On 2022/10/03 17:12, Darrick J. Wong wrote:
On Fri, Sep 30, 2022 at 09:56:41AM +0900, Gotou, Yasunori/五島 康文 wrote:
Hello everyone,
On 2022/09/20 11:38, Yang, Xiao/杨 晓 wrote:
Hi Darrick, Brian and Christoph
Ping. I hope to get your feedback.
1) I have confirmed that the following patch set did not change the test
result of generic/470 with thin-volume. Besides, I didn't see any
failure when running generic/470 based on normal PMEM device instaed of
thin-volume.
https://lore.kernel.org/linux-xfs/20211129102203.2243509-1-hch@xxxxxx/
2) I can reproduce the failure of generic/482 without thin-volume.
3) Is it necessary to make thin-volume support DAX. Is there any use
case for the requirement?
Though I asked other place(*), I really want to know the usecase of
dm-thin-volume with DAX and reflink.
In my understanding, dm-thin-volume seems to provide similar feature like
reflink of xfs.

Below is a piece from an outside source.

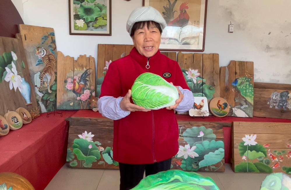 大约十平方的画室里,李玉莲的画作题材都围着“乡土”“接地气”打转转:昂着冠子打鸣的大公鸡、喜庆的年画“莲年有鱼”、传统的十二生肖、大白菜等等。她的“画纸”,也从门板扩展到石头、葫芦、匣钵,李玉莲说,不管什么材料,只要能留住乡土的味道,就能画。

Both feature provide COW update to reduce usage of
its region, and snapshot feature, right?
I found that docker seems to select one of them (or other feature which
supports COW). Then user don't need to use thin-volume and reflink at same
time.
Database which uses FS-DAX may want to use snapshot for its data of FS-DAX,
its user seems to be satisfied with reflink or thin-volume.
So I could not find on what use-case user would like to use dm-thin-volume
and reflink at same time.
The only possibility is that the user has mistakenly configured dm-thinpool
and reflink to be used at the same time, but if that is the case, it seems
to be better for the user to disable one or the other.
I really wander why dm-thin-volume must be used with reflik and FS-DAX.
There isn't a hard requirement between fsdax and dm-thinp. The /test/
needs dm-logwrites to check that write page faults on a MAP_SYNC
mmapping are persisted directly to disk. dm-logwrites requires a fast
way to zero an entire device for correct operation of the replay step,
and thinp is the only way to guarantee that.
Thank you for your answer. But I still feel something is strange.
Though dm-thinp may be good way to execute the test correctly,
I suppose it seems to be likely a kind of workaround to pass the test,
it may not be really required for actual users.
Could you tell me why passing test by workaround is so necessary?
Thanks,
--D
If my understanding is something wrong, please correct me.